XML vs Markdown for Claude: XML tags outperform Markdown and numbered lists; this is the single most impactful Claude-specific technique
Few-shot sweet spot: 2-5 examples; wrap each in <example> tags; put hardest examples last (recency effect)
CoT improvement: ~20-40% on multi-step reasoning; zero or negative effect with Extended Thinking enabled
DSPy MIPROv2: 10-40% improvement over hand-written prompts; needs 50-100 labelled examples
Prompt caching: system prompts >1,024 tokens should use cache_control; saves 90% on repeated calls
Zero-shot → few-shot → DSPy → fine-tuning is the correct escalation order

Common Failure Cases

Chain-of-thought conflicts with Extended Thinking and degrades output
Why: adding "think step by step" instructions to a prompt using Extended Thinking (thinking: enabled) introduces conflicting reasoning pathways; the model's internal reasoning and the explicit CoT prompt interfere.
Detect: output quality drops when Extended Thinking is enabled and CoT instructions are present; answers are shorter or less coherent than with thinking alone.
Fix: remove all explicit CoT prompting when Extended Thinking is enabled; let the model reason internally via budget_tokens.

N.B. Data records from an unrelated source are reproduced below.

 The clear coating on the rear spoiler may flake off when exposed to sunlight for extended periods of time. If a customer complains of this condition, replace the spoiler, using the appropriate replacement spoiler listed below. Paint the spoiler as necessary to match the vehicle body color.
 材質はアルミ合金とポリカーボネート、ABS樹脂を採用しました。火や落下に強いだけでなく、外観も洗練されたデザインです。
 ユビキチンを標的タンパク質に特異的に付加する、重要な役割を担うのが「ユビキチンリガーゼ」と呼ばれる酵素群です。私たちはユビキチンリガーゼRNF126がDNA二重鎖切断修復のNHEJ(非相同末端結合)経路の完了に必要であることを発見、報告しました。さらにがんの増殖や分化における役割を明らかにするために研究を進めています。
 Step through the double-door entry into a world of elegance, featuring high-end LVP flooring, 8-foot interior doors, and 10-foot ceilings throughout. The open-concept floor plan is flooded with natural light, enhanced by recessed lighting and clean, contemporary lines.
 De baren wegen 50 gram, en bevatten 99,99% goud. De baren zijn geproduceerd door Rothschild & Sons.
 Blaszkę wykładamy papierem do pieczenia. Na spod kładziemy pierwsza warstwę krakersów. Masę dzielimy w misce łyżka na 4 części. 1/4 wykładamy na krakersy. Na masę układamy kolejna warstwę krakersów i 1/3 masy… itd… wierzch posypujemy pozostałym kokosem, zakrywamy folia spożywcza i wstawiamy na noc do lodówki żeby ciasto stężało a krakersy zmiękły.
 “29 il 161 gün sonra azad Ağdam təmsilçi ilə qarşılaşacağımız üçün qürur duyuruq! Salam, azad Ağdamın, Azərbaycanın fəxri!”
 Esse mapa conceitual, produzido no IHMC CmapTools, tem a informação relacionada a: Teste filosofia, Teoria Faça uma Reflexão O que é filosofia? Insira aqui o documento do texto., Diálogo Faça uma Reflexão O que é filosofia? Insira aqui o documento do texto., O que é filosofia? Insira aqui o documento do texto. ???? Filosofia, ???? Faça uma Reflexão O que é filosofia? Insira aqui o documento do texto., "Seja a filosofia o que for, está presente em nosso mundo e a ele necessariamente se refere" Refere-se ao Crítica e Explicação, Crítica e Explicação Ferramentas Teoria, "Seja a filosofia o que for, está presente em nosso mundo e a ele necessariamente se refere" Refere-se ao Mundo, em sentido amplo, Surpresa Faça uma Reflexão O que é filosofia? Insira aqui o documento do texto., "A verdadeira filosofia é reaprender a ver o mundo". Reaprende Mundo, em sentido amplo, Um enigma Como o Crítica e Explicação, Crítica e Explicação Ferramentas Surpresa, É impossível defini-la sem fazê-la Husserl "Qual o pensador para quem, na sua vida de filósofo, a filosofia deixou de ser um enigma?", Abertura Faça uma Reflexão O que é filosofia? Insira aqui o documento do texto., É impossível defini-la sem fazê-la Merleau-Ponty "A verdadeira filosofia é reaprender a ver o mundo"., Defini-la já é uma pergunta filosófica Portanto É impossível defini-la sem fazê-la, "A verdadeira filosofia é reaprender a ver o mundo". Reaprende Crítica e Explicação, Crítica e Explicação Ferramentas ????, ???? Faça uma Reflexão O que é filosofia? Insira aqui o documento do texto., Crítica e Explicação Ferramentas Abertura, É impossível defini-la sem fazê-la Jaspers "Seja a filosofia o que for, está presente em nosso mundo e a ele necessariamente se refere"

Few-shot examples include the wrong output format, model drifts to match them
Why: examples were copied from an older version of the task spec with a different output format; the model follows the examples rather than the <output_format> instruction.
Detect: output format matches examples, not the spec; switching to zero-shot produces the correct format.
Fix: always keep examples consistent with the current output format spec; when format changes, update all examples simultaneously.

XML tag names collide with user-supplied content
Why: user message contains text that looks like XML tags matching your structural tags (e.g., a user writes </task>); this closes the structural tag prematurely.
Detect: Claude treats user-supplied content after the tag as a structural boundary; output is truncated or misformatted.
Fix: use unique, unlikely tag names (e.g., <SYSTEM_TASK> not <task>); or sanitise user content to escape < and > before injection.

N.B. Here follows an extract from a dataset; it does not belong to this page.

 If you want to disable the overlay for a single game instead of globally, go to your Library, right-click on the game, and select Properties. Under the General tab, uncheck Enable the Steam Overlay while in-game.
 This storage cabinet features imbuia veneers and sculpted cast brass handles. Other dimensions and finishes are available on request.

DSPy optimisation overfits to the eval set
Why: the eval set used during DSPy optimisation is the same set used to measure improvement; the optimiser finds prompts that score well on these specific examples.
Detect: DSPy-optimised prompt scores 30% better on the optimisation set but shows no improvement on a held-out test set.
Fix: split data into optimisation set and held-out test set before running DSPy; report improvement on the held-out set only.

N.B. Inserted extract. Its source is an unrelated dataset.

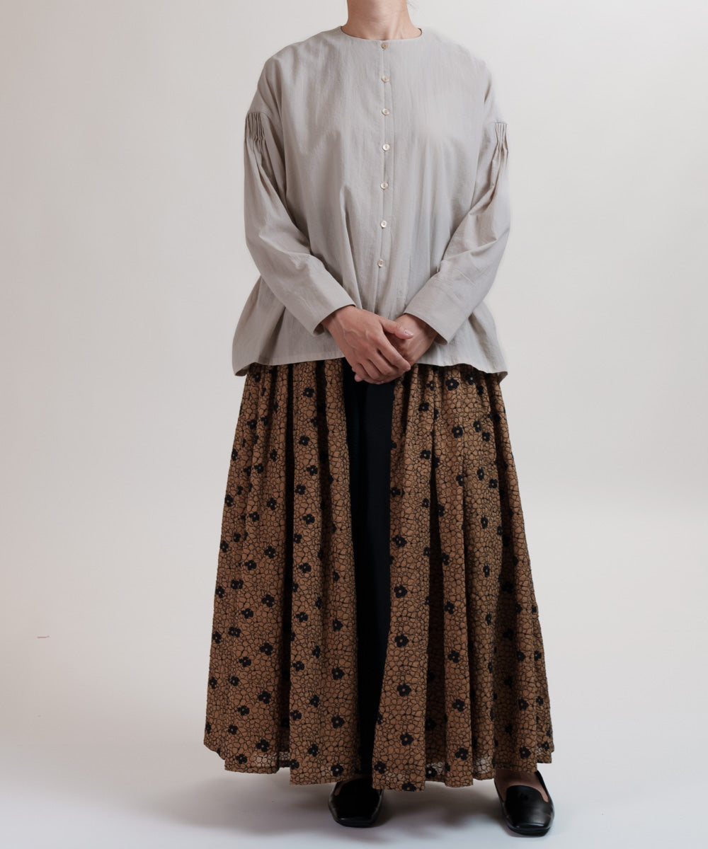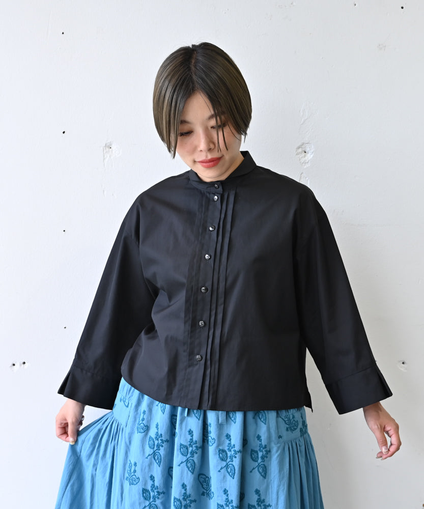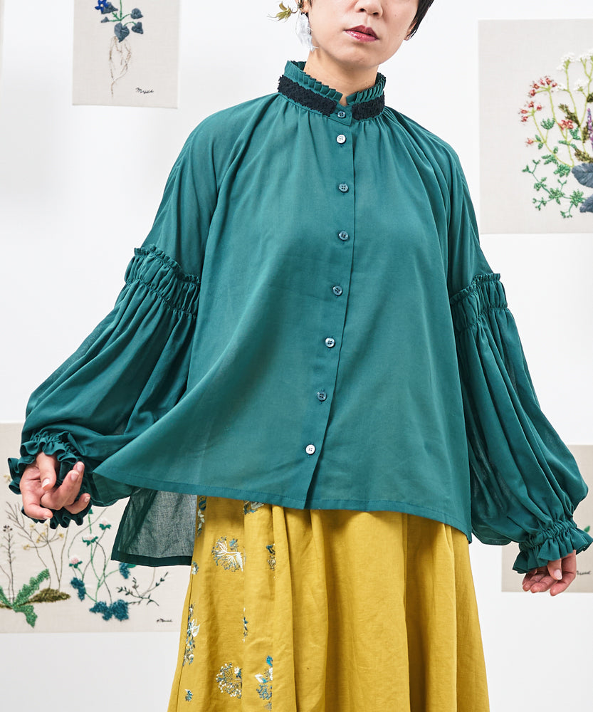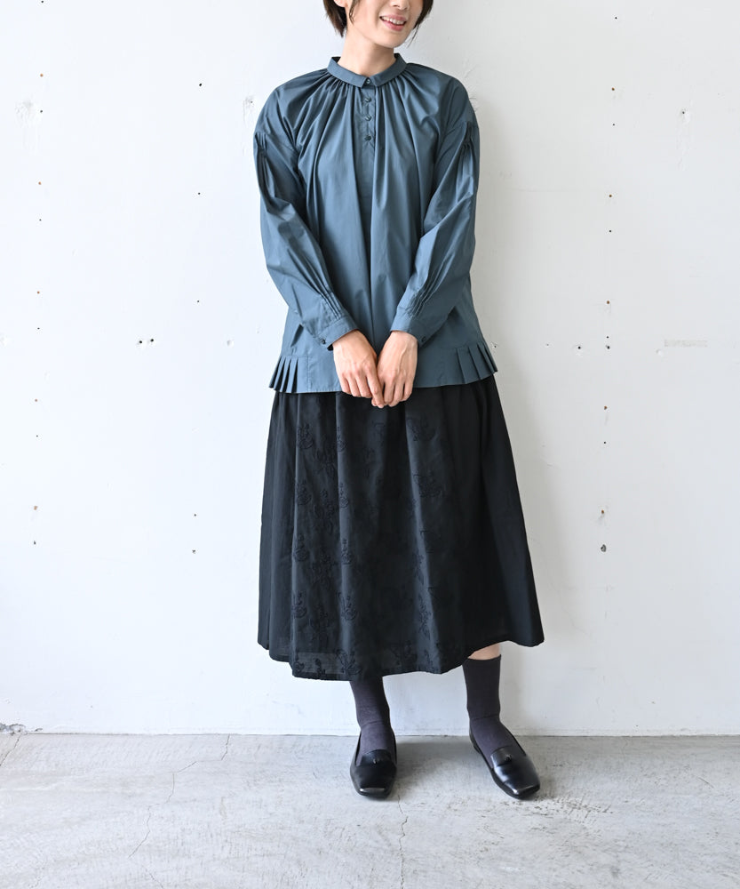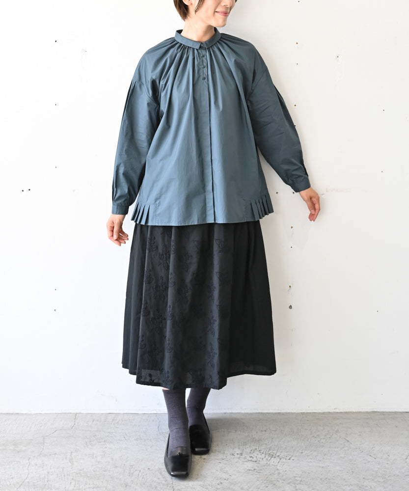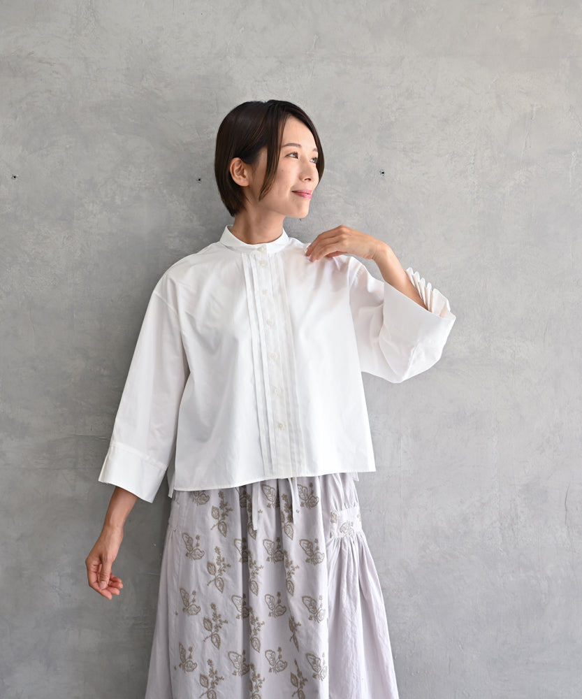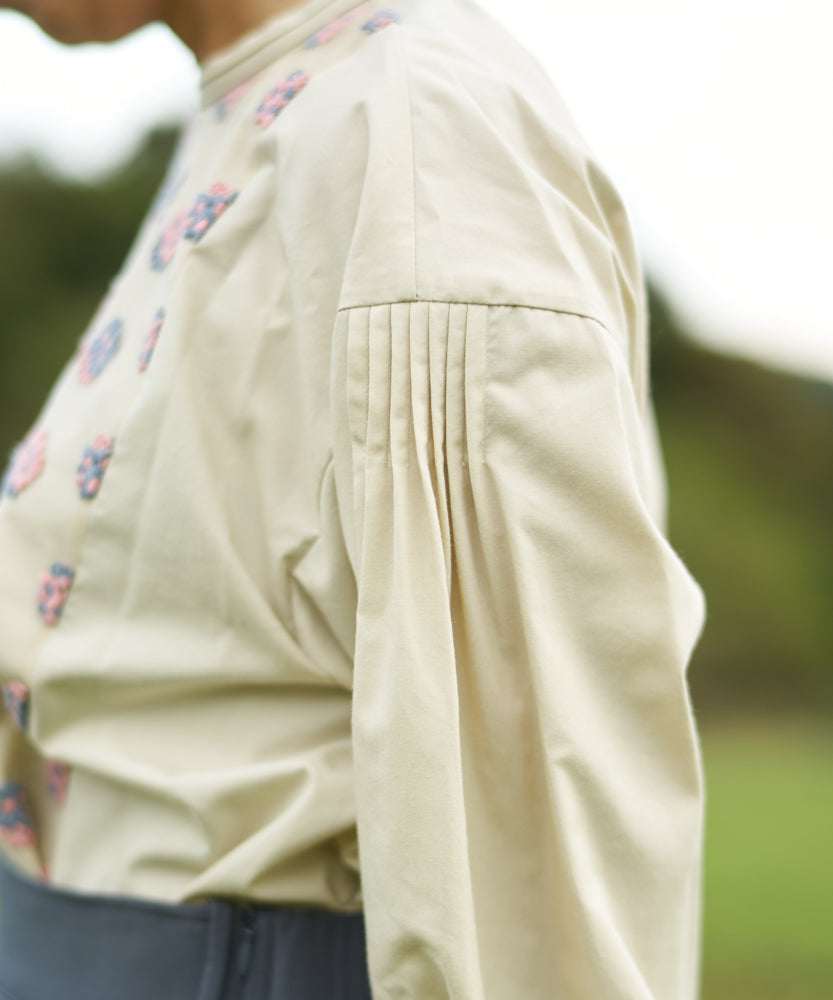 〈綿ローン生地〉梅小花刺繍 スタンドカラーブラウス (muk112)

Prompt compression removes critical context
Why: LLMLingua or similar compression aggressively removes tokens; it removes a constraint or caveat that the full-length prompt contained.
Detect: compressed-prompt answers violate a constraint that the full prompt enforced; faithfulness drops after compression.
Fix: mark critical constraints as anchor tokens that the compressor must preserve; validate compressed prompt against a checklist of required instructions.

Connections

apis/anthropic-api — extended thinking, prompt caching, tool use
evals/methodology — measuring whether prompt changes actually improve task performance
rag/pipeline — structuring retrieved context in prompts
security/prompt-injection — prompt injection attack patterns and defences
prompting/dspy — automated prompt optimisation
prompting/context-engineering — managing context window beyond just prompt phrasing

Open Questions

Does XML structuring advantage persist for Claude 5+ or was it an artefact of specific training data?
How does the optimal few-shot count vary by task domain — is 2-5 still right for highly technical tasks?
When DSPy-optimised prompts are 40% better than hand-written ones, what does that imply about the upper bound of manual prompt engineering skill?